The fates of Guam and Okinawa have been entwined in the Gordian knot of the planned relocation of thousands of U.S. Marines within the Pacific theater. Associate professor Natividad believes that this plan has made Guam’s leaders reluctant to push the Pentagon for full disclosure about its poisoning of the island. “Our former governor was too afraid of making waves with Washington for fear of jeopardizing the realignment. Our current governor is more confident but even if he pressured Washington for an admission, they’d just send him a letter saying that they’ve cleaned up the contaminated sites.”

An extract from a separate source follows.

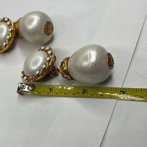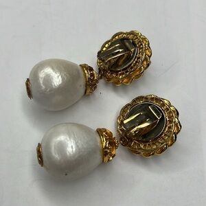 This is a Vintage Pear like Material Drop Clip Earrings. Some scuffs and minor pin spots with two tiny white stones missing. Overall unseen and in very good vintage condition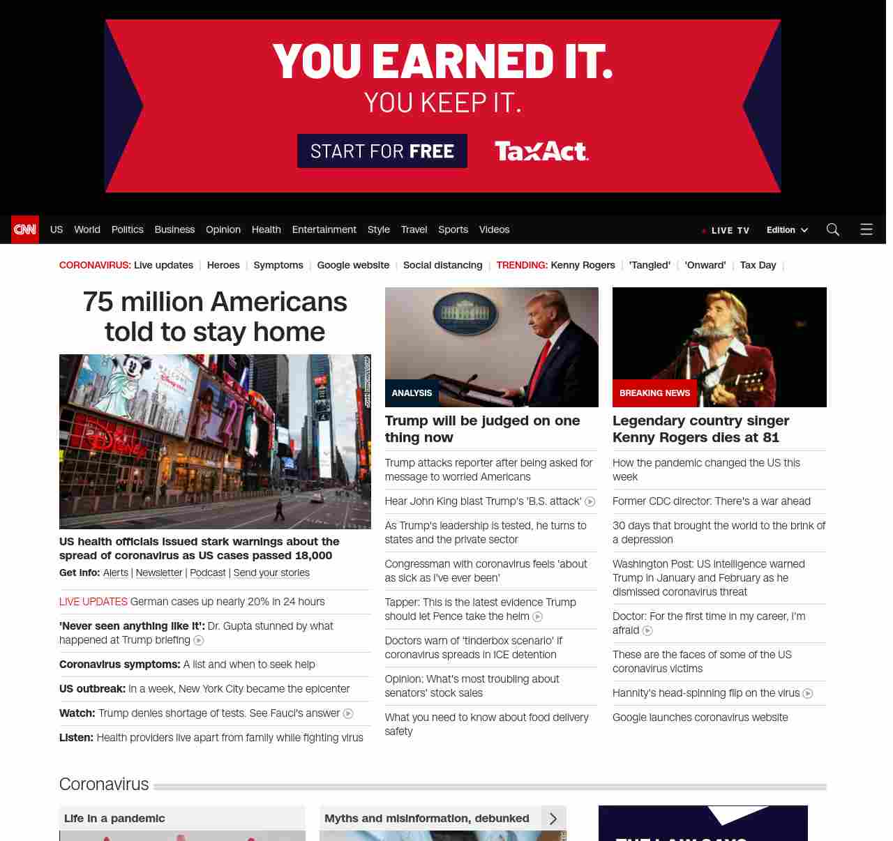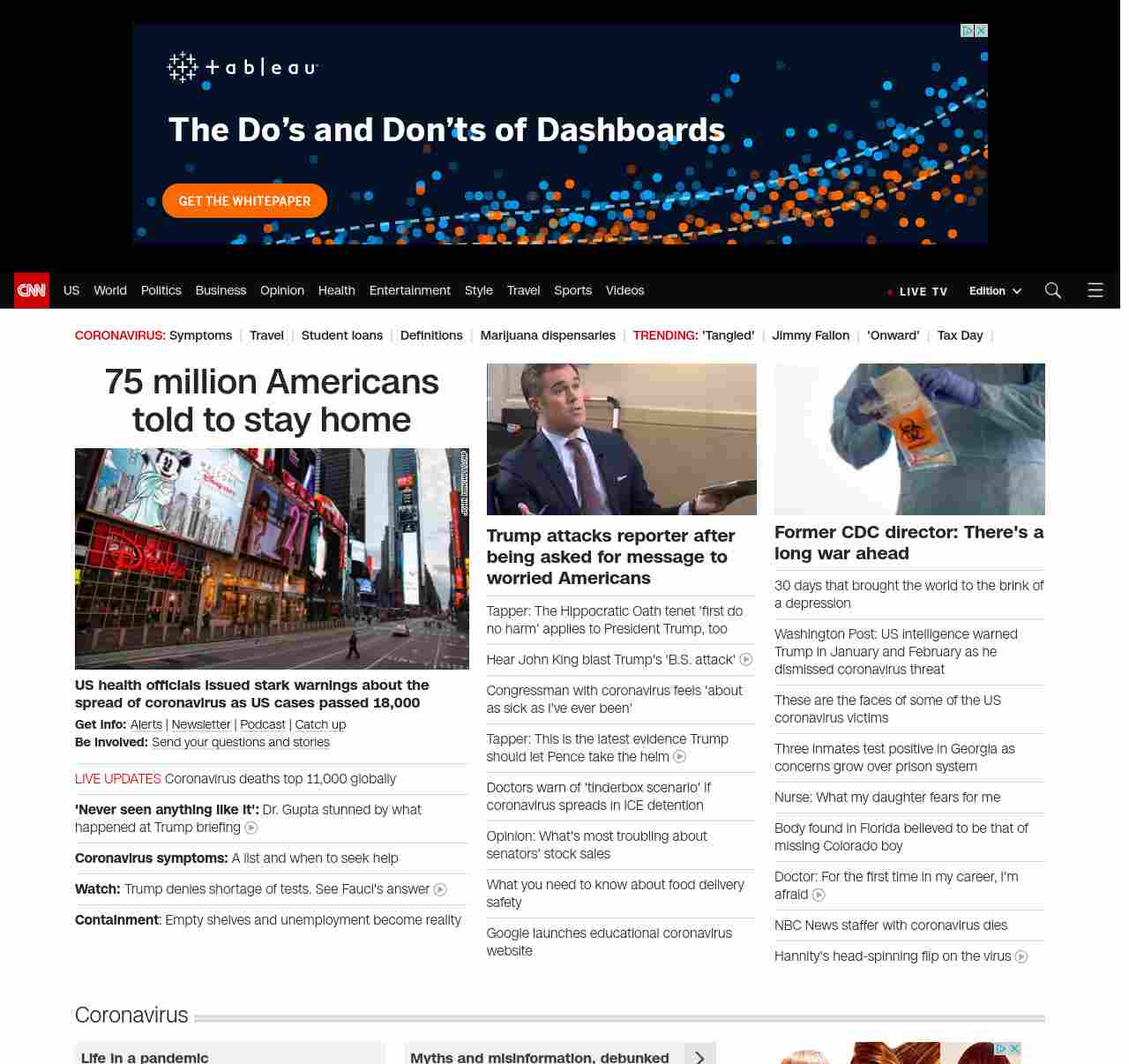 CNN3: “:”u003cstrong>US health officials issued stark warnings about the spread of coronavirus as US cases passed 18, 000u003c/strong>”, “BANNER=|pagerendered| ((lubuntu at wor3))

While it now seems clear that America’s reasons for bringing Agent Orange to Guam and Okinawa were rooted in the Cold War past, Washington’s increasingly implausible refusals to admit to the presence of these toxic substances on either island are tightly interwoven with its 21st century military strategy for the region.

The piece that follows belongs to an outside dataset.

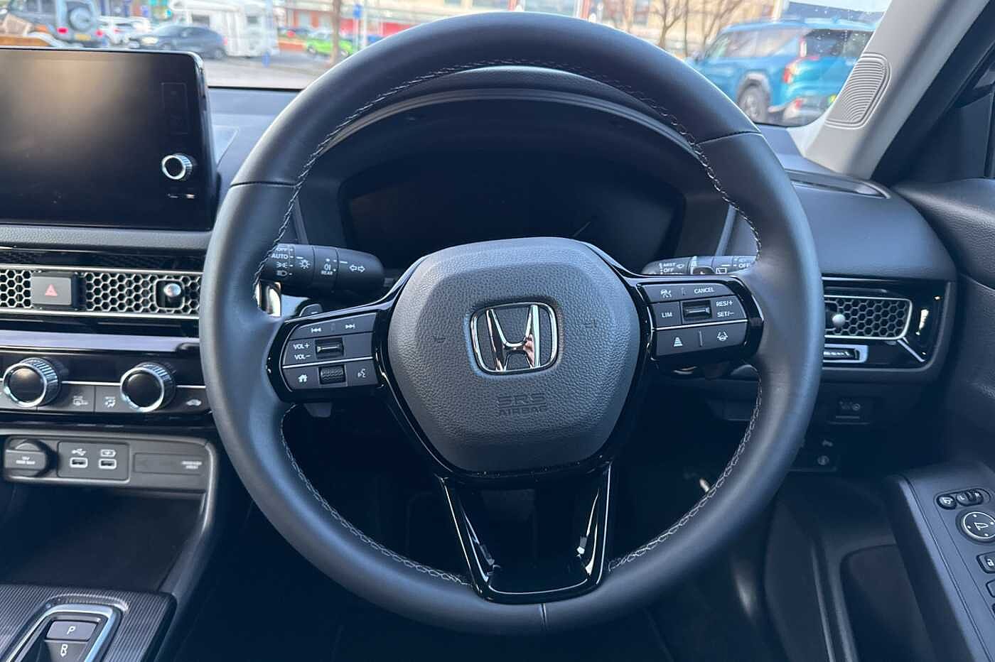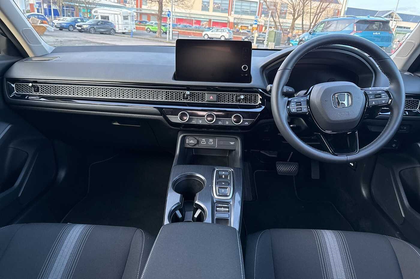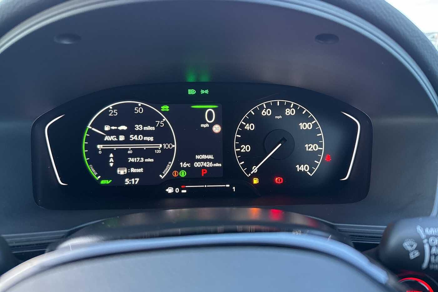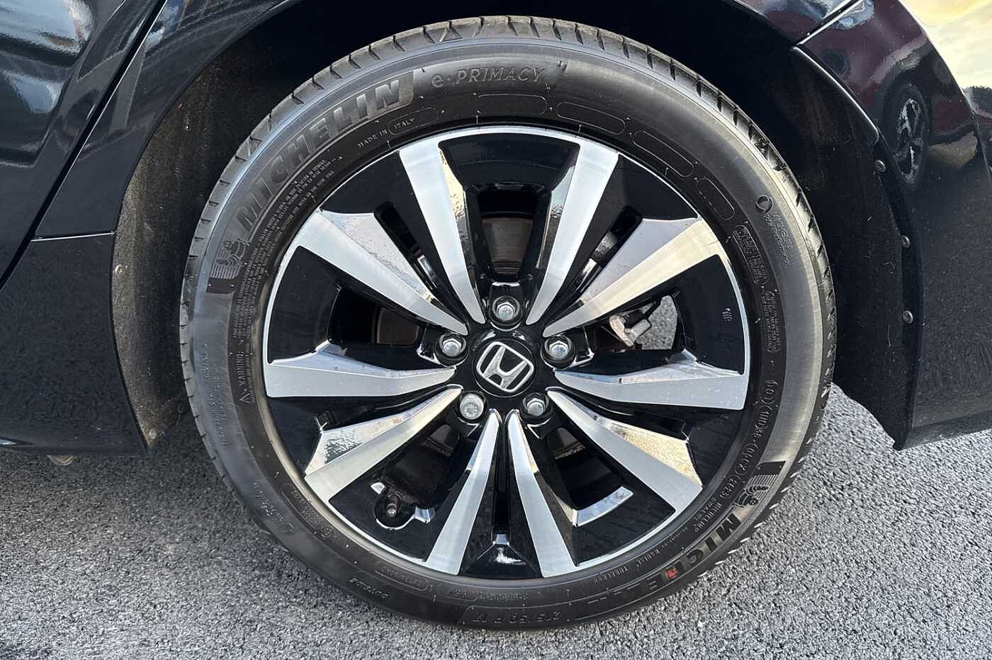 Exterior Features, Automatic rain sensing wipers, Electric front and rear windows, Privacy glass, Rear wiper, Variable front intermittent wipers, Vehicle stability assist, Body colour door handles, Chrome window garnish, Material finish grille, Pop up hood, Rear side wing doors, Single hidden exhaust pipe, Auto headlight adjuster, Auto headlights, Automatic coming/leaving home lighting function, Headlight extension black, High beam assist, High level LED brake light, LED daytime running lights, LED front turn type, LED Headlights, LED rear lights, Safety, ABS+EBD+Brake assist, Brake hold function, Collision mitigation braking system, Collision mitigation throttle control, Electronic parking brake with auto hold, Hill start assist, Low speed brake system, Regenerative braking/deceleration paddle control, Adaptive cruise control, Adaptive motion for electric power steering, Adjustable speed limiter, Agile handling assist, Driving modes, Electric power steering wheel with variable gear ratio steering, Emergency stop signalling system, Forward collision warning, Front and rear parking sensors, Honda sensing, Idle stop, Intelligent speed limiter, Lane departure warning system, Lane keep assist, Low speed following, Rear parking camera, Road departure mitigation, Traffic sign recognition, Aspherical driver door mirrors, Electric adjustable heated door mirrors, Electrically folding door mirrors, 3x3 point rear seatbelts, Airbags - driver and front passenger, Airbags - Knee (AS), Airbags - Knee (DR), Anti-whiplash front headrests, Deflation detection system, Driver SRS airbag (single stage inflation), Front and rear curtain airbags, Front and rear seat belts with emergency locking retractor (ELR), Front centre airbag, Front side airbags, Manual child lock in rear doors, Passenger airbag deactivate switch, Rear airbags, Audio / Communications, Bluetooth hands free telephone connection, Wireless apple carplay, 'Shark fin' mobile antenna, 2x USB Front socket (1 data & 1 charge), 8 speakers, Digital Audio Broadcast (DAB) Tuner, Front tweeters, Steering wheel mounted audio controls, Driver Convenience, Power meter, Tailgate, Miscellaneous, 7" Multi information display screen, BLIS (Blind Spot Information System) with Cross Traffic Monitor, Economy mode, Emergency call service, Honda CONNECT with Navigation 9" touchscreen, AM/FM/DAB, Apple Carplay and Android Auto, live traffic info, Traffic jam assist, Interior Features, Dual climate control air conditioning system, Cargo accessory power socket, Cargo net hooks, Driver and front passenger seat armrests, Fabric upholstery, Front accessory power socket, Hybrid emblem, Leather steering wheel, Platinum chrome interior door handles, Rear seat centre armrest, Tilt/telescopic adjustable steering wheel, Tonneau cover, USB Rear number 2 x charge, Front map lights, Front/rear courtesy lights, Glovebox light, Meter Illumination white, Rear reading lights, Trunk light, White ambient roof light, Sunvisors with illuminated vanity mirrors, Trim, 3 seat bench in 2nd row, 60/40 split folding rear seat, Driver's electric lumbar adjustment, Driver's seat height adjustment, Heated front seats, Isofix points/i size, Passenger seat back pocket, Rear head restraints, Single front passenger seat, Security, Immobiliser, Mirrors and windows key fob, Remote central locking with 2 jack knife keys, Security alarm, Selectable door unlock, Smart entry + Smart start, Superlocking, Tilt sensors, Ultrasonic security sensor, Wheels, 17" 2 tone diamond cut alloy wheels, Tyre repair kit

“We veterans have become a political pawn between the U.S. and Japan,” says Jackson, the former air force sergeant. “We’re an army waiting to die.”

What about the Agent Orange, chemical weapons and nuclear waste on Kalama (Johnston Atoll)?

Ed Rampell wrote “The military’s mess: Johnston Atoll, the army’s ‘model’ chemical disposal facility, is an environmental disaster” (PDF) (January 1996):

According to “Mr. D.,” a defense industry source knowledgeable about JACADS, speaking on condition of anonymity, a nuke “went off the launch pad and cracked … The missile did not go off, but it cracked the casing, releasing plutonium.” The radioactive area, he said, is “still offlimits via a chain link fence.” In what amounts to the world’s first and largest plutonium mining project, the U.S. is spending $10 million to separate contaminated soil at the atomic atoll.

Plutonium is not the only lethal substance to leak into Johnston. In the 1970s, the U.S. shipped to the atoll millions of gallons of dioxin-contaminated Agent Orange, the birth defect-causing defoliant used in Vietnam. According to Mr. D., “The Agent Orange was stored in 55-gallon drums, which rusted, and the Agent Orange leaked into the soil.” This still-contaminated area is also fenced off. According to Wilkes, the herbicide was finally burned in 1976 on the Vulcanus II incinerator ship, which he calls “notoriously inefficient.” He adds, “Here, to an extreme degree, the U.S. military does anything that is too unpopular, too dangerous and too secret to do elsewhere in the Pacific.”